*GOAL OF THE EXERCISE*: Please set down exactly the lines from the one containing "connecting rod assembly." through the last line of the records below, both included, with no pictures.

↓↓↓

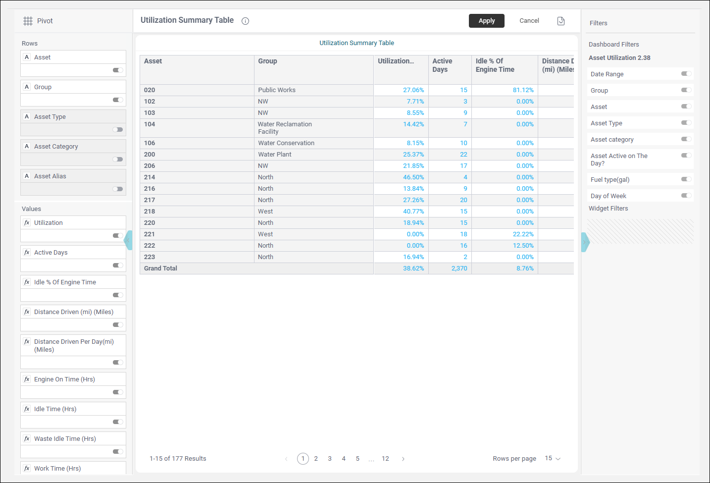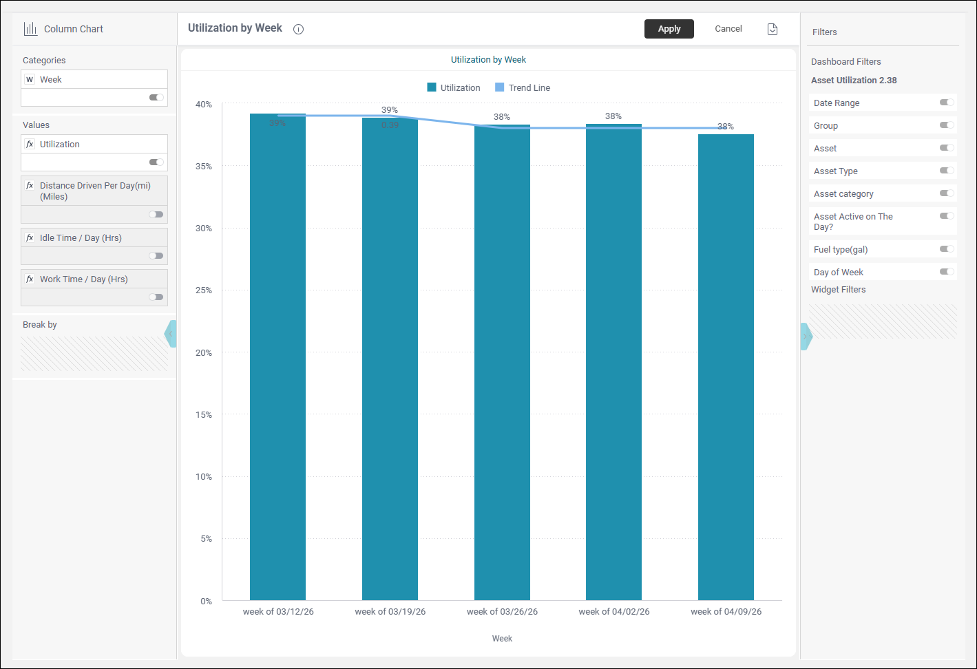 When you open the Utilization Dashboard, it will be populated with data for the last 30 days for all your groups and assets or drivers, but you can change the date range and limit other results by using the Filters panel on the right as follows:
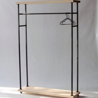 - Les modèles combinés combinent plusieurs matériaux. La base peut être une structure métallique, qui est complétée par des éléments en bois ou des pièces en plastique. Ceux-ci peuvent être des supports, des crochets, des supports.
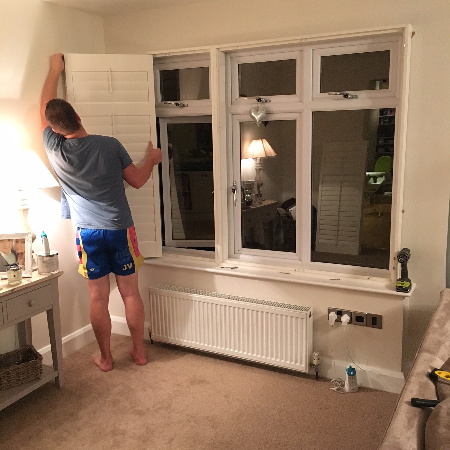 They were delivered yesterday afternoon & so I begged my husband to put them up for me last night (well I had been waiting 7 weeks already…). I expected him to just get the frame up on one side that evening but after 3 hours we sat back & admired both of our new shutters.
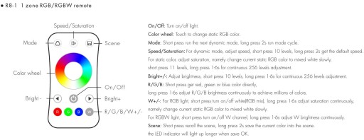 - Włączenie / Wyłączanie, Sterowanie kolorami RGB/RGBW
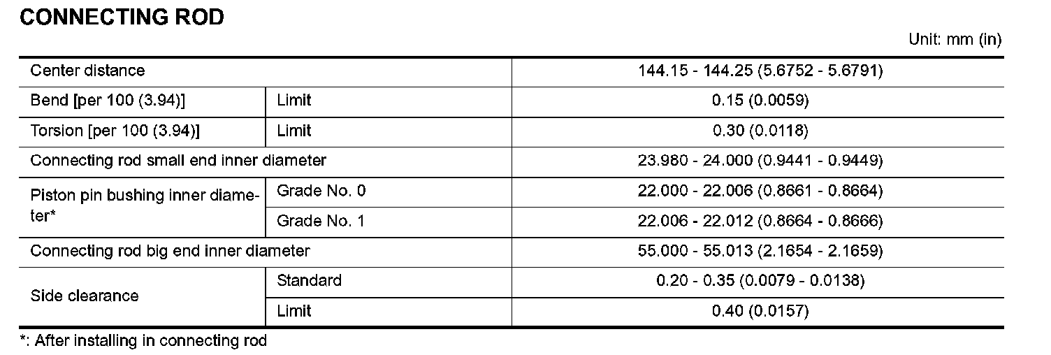 ^ If it exceeds the limit, replace connecting rod assembly.
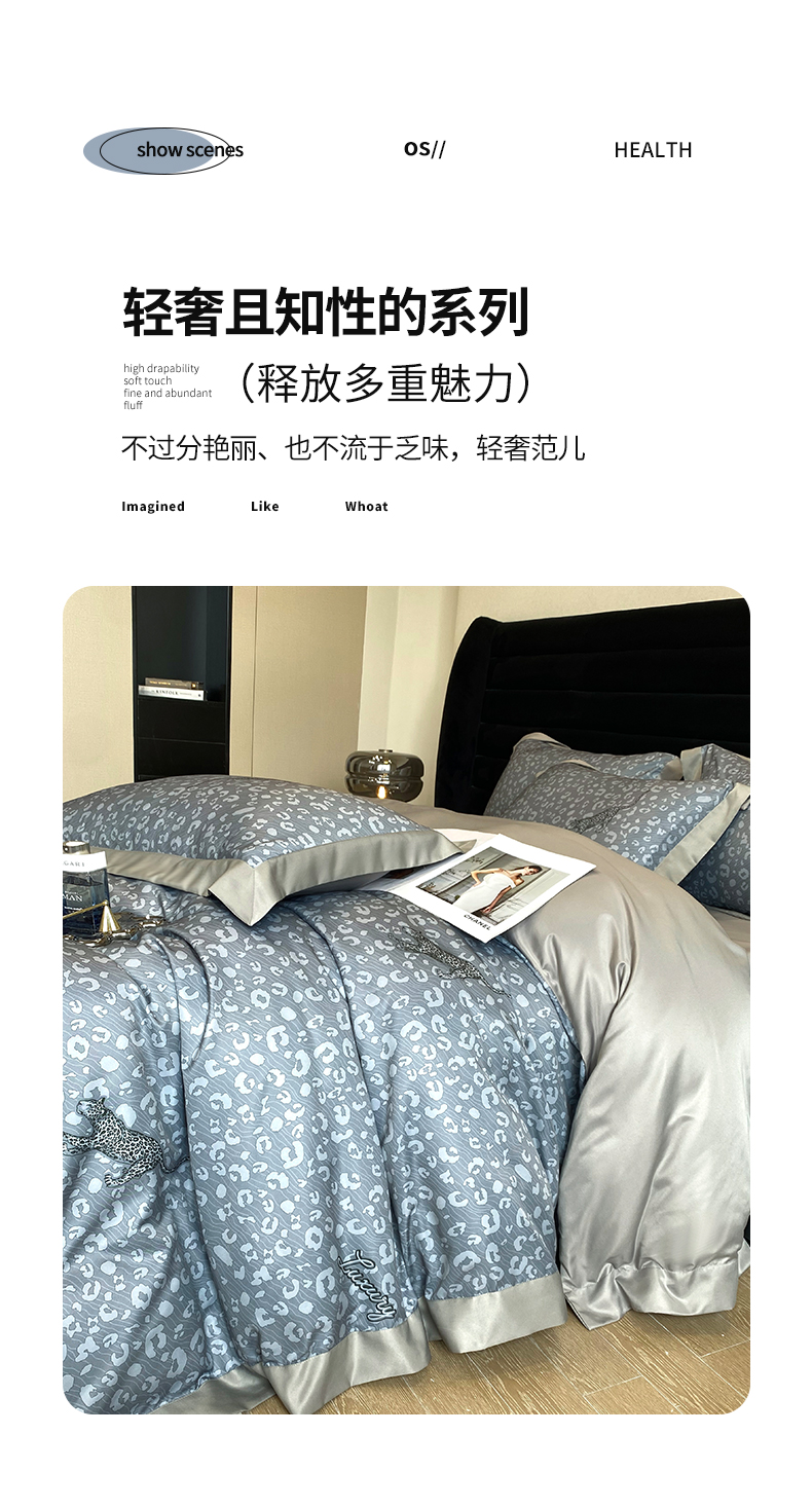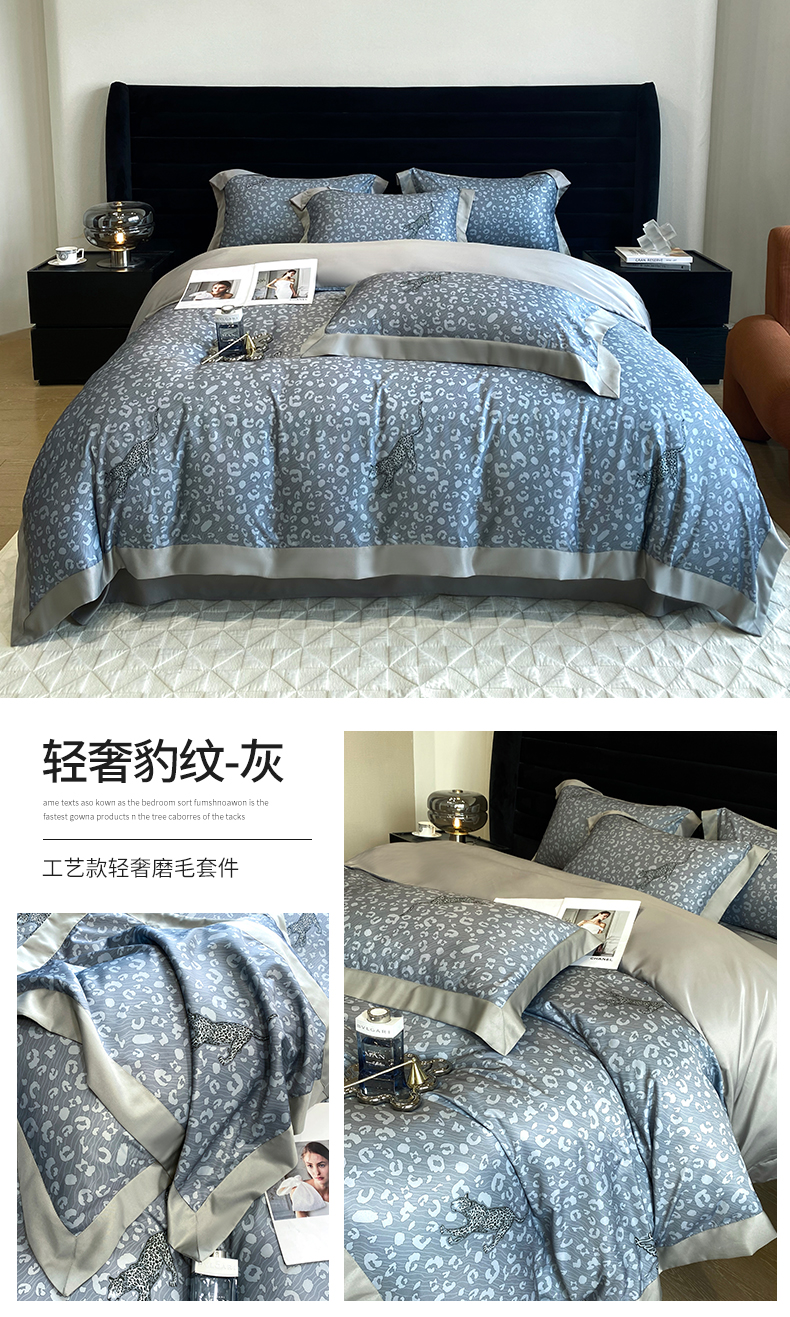 商品名称:优悦 2023新款轻奢磨毛印花系列四件套 轻奢豹纹-灰
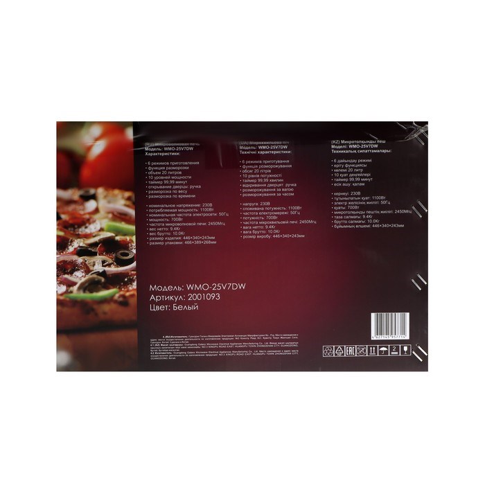 Микроволновая печь WILLMARK WMO-25V7DW, 700 Вт, 20 л, белая
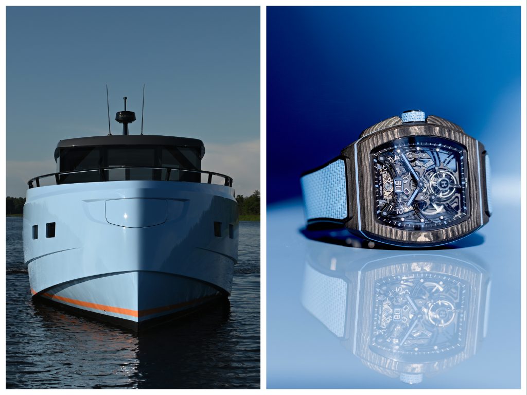 Il Glacier 48 e il Blanchet Tourbillon riflettono lo spirito che anima le due imprese. Lo yacht, nato nell’Agosto 2023, che sarà esposto dal 25 al 28 Settembre a Port Hercule durante il Monaco Yacht Show 2024, ha lo stesso colore del Tourbillon. Ma al di là delle scelte cromatiche, le due aziende hanno lo stesso approccio verso l’innovazione e la qualità dei materiali sia che si tratti di carbonio e di precisione micromeccanica nell’orologio, sia nello scafo in alluminio “epuré” dell’imbarcazione e nella sua motorizzazione, così da proporre un nuovo concetto di lusso pensato per i futuri proprietari dello yacht se appassionati di segnatempo d’alta orologeria.

↑↑↑

*RESULT*:
 ^ If it exceeds the limit, replace connecting rod assembly.
 商品名称:优悦 2023新款轻奢磨毛印花系列四件套 轻奢豹纹-灰
 Микроволновая печь WILLMARK WMO-25V7DW, 700 Вт, 20 л, белая
 Il Glacier 48 e il Blanchet Tourbillon riflettono lo spirito che anima le due imprese. Lo yacht, nato nell’Agosto 2023, che sarà esposto dal 25 al 28 Settembre a Port Hercule durante il Monaco Yacht Show 2024, ha lo stesso colore del Tourbillon. Ma al di là delle scelte cromatiche, le due aziende hanno lo stesso approccio verso l’innovazione e la qualità dei materiali sia che si tratti di carbonio e di precisione micromeccanica nell’orologio, sia nello scafo in alluminio “epuré” dell’imbarcazione e nella sua motorizzazione, così da proporre un nuovo concetto di lusso pensato per i futuri proprietari dello yacht se appassionati di segnatempo d’alta orologeria.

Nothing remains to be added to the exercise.